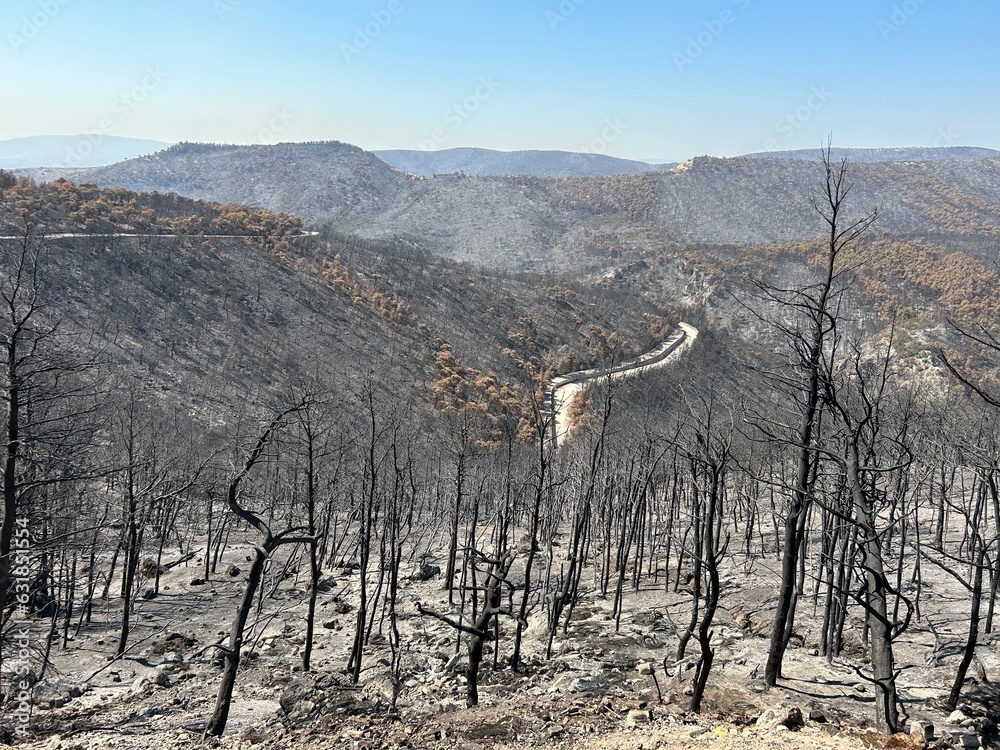 Land after recent wildfire. Dead forest, barren of plants mountains with burned trees trunks. Roads cut trough burnt down hillsides. Site of bushfire, Mediterranean landscape after disaster. Greece.
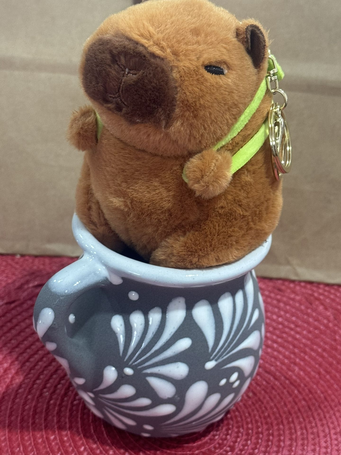 Looking for a cute and unique gift? This adorable plush capybara keychain is the perfect little surprise for someone special and Mexican cup Soft & high-quality plush Lightweight - perfect for keys, purse, backpack, or car mirror It Great for Valentine's Day,
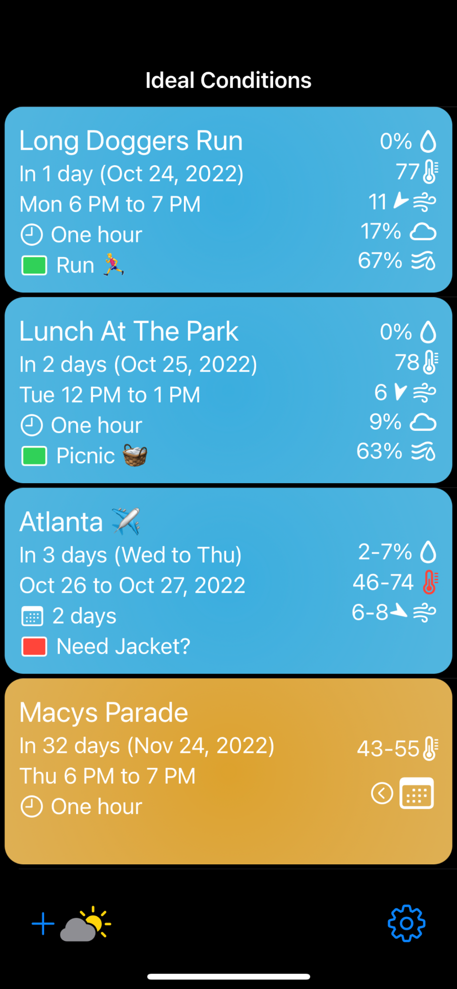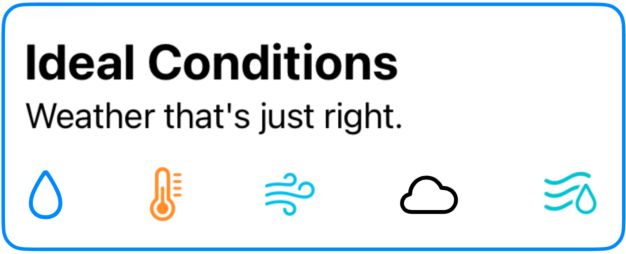 For events you must attend, you'll know the weather conditions in the weeks and days before. For events that depend on the weather, Ideal Conditions indicates if conditions are "just right" or may be questionable. Bicycle without rain and without strong winds. Go to the beach on a sunny day. Fly a kite when it's breezy. Land in another city with a jacket for cool weather. Picnic in mild temps. Do what you like to do.
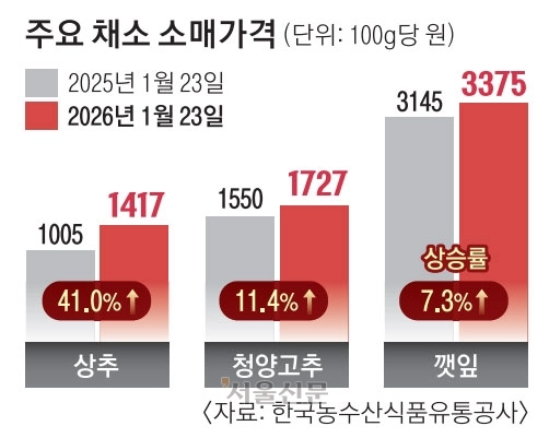 실제 채소 가격은 자영업자 부담을 높이고 있다. 한국농수산식품유통공사(aT)에 따르면 지난 23일 기준 상추(100g) 가격은 1417원으로 전년 대비 41.0% 급등했다. 같은 기간 청양고추와 깻잎 가격도 각각 11.4%, 7.3% 상승했다.
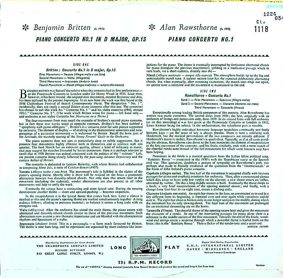 商品コード:1224-054p[His Master's Voice ] M.リンパニー(pf) H.メンゲス指揮フィルハーモニアo. / ブリテン:Pf協奏曲1番Op.13, A.ロースソーン:Pf協奏曲1番
================
→ TASK INSTRUCTIONS
Output only the lines running from the top of the data above to the line with "Looking for a", inclusive, word for word and without pictures.

→ EXPECTED ANSWER
 Land after recent wildfire. Dead forest, barren of plants mountains with burned trees trunks. Roads cut trough burnt down hillsides. Site of bushfire, Mediterranean landscape after disaster. Greece.
 Looking for a cute and unique gift? This adorable plush capybara keychain is the perfect little surprise for someone special and Mexican cup Soft & high-quality plush Lightweight - perfect for keys, purse, backpack, or car mirror It Great for Valentine's Day,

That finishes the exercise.